"Make Me Smile" is a song written by James Pankow for the rock band Chicago with the band's guitarist, Terry Kath, on lead vocals. Part 1 of Pankow's 7-part "Ballet for a Girl in Buchannon" song cycle/suite, it was recorded for their second album, Chicago (often called Chicago II), which was released in 1970.  The song "Now More Than Ever", a separate track from the same song suite, serves as a reprise of the song and appears edited together with it on many later versions, including a single edit, on several greatest hits collections, and in many live performances.

Background
A radio-friendly edit of "Make Me Smile" was released as a single in March 1970, becoming the band's first Top 10 record, peaking at number nine on the U.S. Billboard Hot 100 chart.

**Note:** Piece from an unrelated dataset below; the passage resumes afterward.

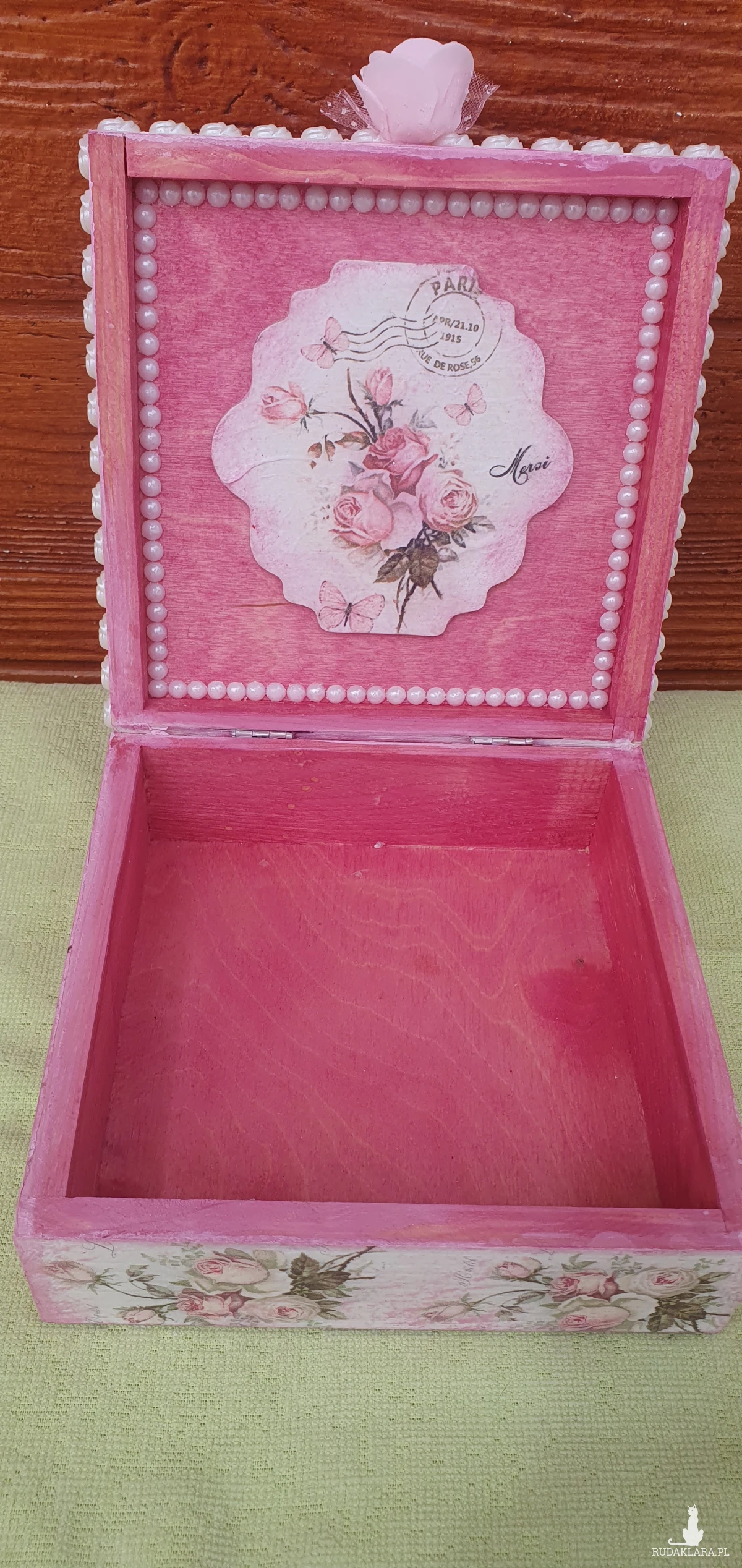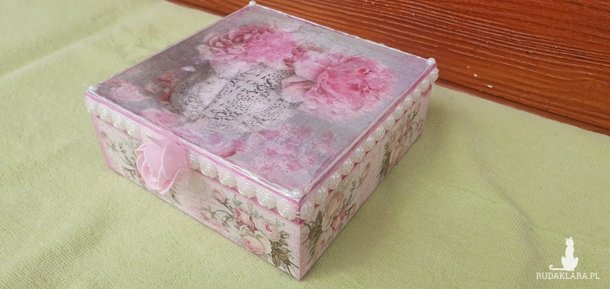 Wykonana metodą decoupage z wielką dbałością o szczegóły
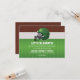 Brown, green, and white American football Bar Mitzvah reception insert card. This American football Bar Mitzvah reception card design features a brown leather dimpled background that looks like the leather of a football that is paired with a white dimpled leather stripe and a green grass looking football field. This green, brown and white football background is paired with a sports style accent font and a football helmet that is green and black. This football Bar Mitzvah reception party or celebration card would work well for a NFL football or Super Bowl themed Bar Mitzvah. This football sports Bar Mitzvah reception enclosure card could work for any season and is a great choice for a boy who loves American football.

Pulled from the first movement of the "Ballet for a Girl in Buchannon" suite, several changes were made in order to make the song more suitable for radio. This included a modified introduction and abbreviated guitar solo. Finally, the track "Now More Than Ever" was appended on the end to make a complete, 3-verse song.  When Chicago released their compilation album The Very Best of Chicago: Only the Beginning in 2002, they featured a new edit of the song, with the "Make Me Smile" and "Now More Than Ever" parts segued together again, but without the numerous cuts—the full intro and the guitar solo of the former part, and the full outro of the latter part, were thus included.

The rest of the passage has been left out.